You’ve seen ‘em, those guys who paint themselves gold or silver, stand like statues in tourist areas, and then pass the hat for contributions. Well, these guys are better. They’re red, they have tools, and they kept their hats on so I did not have to donate.
When you see an ice sculpture, you know you’re at a festive event, like a wedding or STAFDA party. The tool depicted in this sculpture is Makita’s new 7 1/4-inch dual-battery cordless circular saw. But enough about tools, let’s hear more about parties…
You didn’t think the ice sculpture in the previous slide was just to look at—did you? Of course not! In a feat of engineering second only to that of putting two 18-volt batteries into a single tool, Makita came up with this clever way to chill booze: Pour the drink into a hose that passes through a block of ice and it will be cold when it comes out at the bottom.
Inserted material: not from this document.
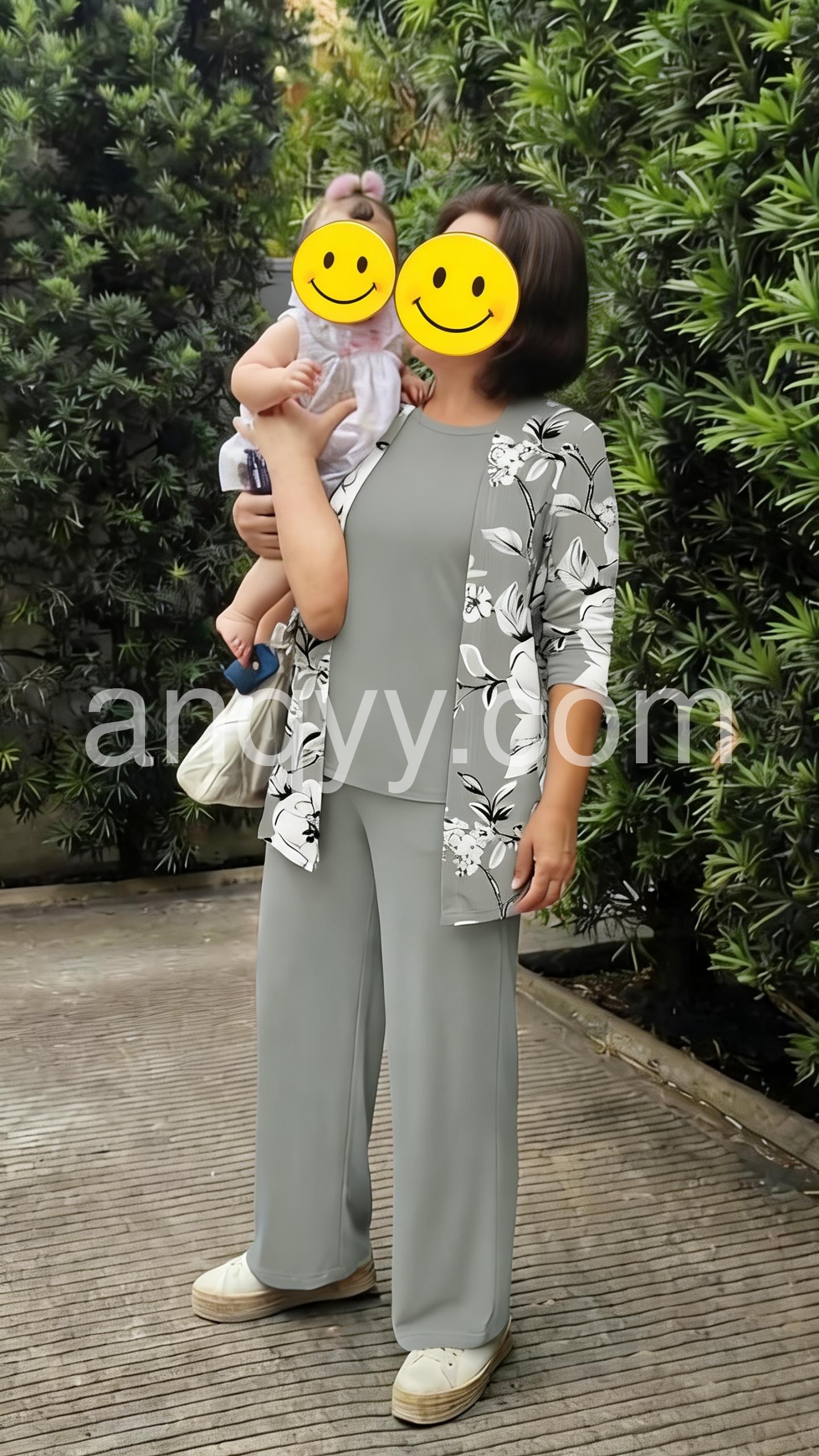 This coordinated set features a floral-print blazer with solid gray pants and a matching top. The relaxed fit offers comfort and style. Lightweight fabric perfect for casual or office wear. Ideal for creating a polished, put-together look. Sophisticated and effortlessly chic.

And as if that were not enough, the drink is served in a glow-in-the-dark martini glass—Makita teal of course.
It’s hard to argue with the view from the balcony of the Foundation Room lounge on the top floor of the Mandalay Bay Hotel, which is where DeWalt held their party. If you’ve been to this lounge you’ll be surprised to hear it’s on the 44th floor. The elevator buttons say it’s on the 60-somethingth floor. It’s not, but then we are talking about Vegas—where few things are what they seem.
Milwaukee held its event in the main room at The House of Blues. The band—a mix of professional and amateur musicians—was excellent. The pros live in the Milwaukee area; the amateurs work for Milwaukee Electric Tool. There was an ever-changing cast of characters on the stage and I recognized a few from the tool company.
That’s a lot of stuff to give away. And give it away they did; I saw any number of folks walking around with these prizes later on in the evening.
This one was easy; DeWalt was the only company that had a motorcycle at its party. It was a nice bike— a Harley Davidson Road King—and my first thought upon seeing it was “how did they bring that thing up in such a small elevator?”
Makita’s food spread was less impressive than in previous years but their goodwill ambassadors, Señorita Makita and Miss Makita, were as charming as ever. When I arrived at the party they were signing posters of themselves posing with various Makita power tools—though for the life of me I can’t remember what any of those tools were. I must have been distracted.
You have to love a customized guitar; I don’t know who that is playing it, but he was great. The guitarist in back—with the bow tie and red hat band—is Tim Brasher, Director of Brand Marketing at Milwaukee Electric Tool. Other folks from the tool company joined the band during various parts of the performance.
The statue at the entrance to the Foundation Room lounge was garbed for the party in a simple but elegant t-shirt. I was going to say a Zen-like calm pervaded the event—but really; it was a much better party than that.
This photo of fellow revelers at the DeWalt party was shot with the special “What happens in Vegas stays in Vegas” camera setting. On the elevator down from the event I overheard the following conversation: Guy: I don’t think I have ever left the Foundation Room before ten. Gal: I don’t think I ever went to the Foundation room before ten. Me: Yikes, it’s almost ten! I have to get back to my room and go to bed (Okay, I didn’t actually say that—but I did think it).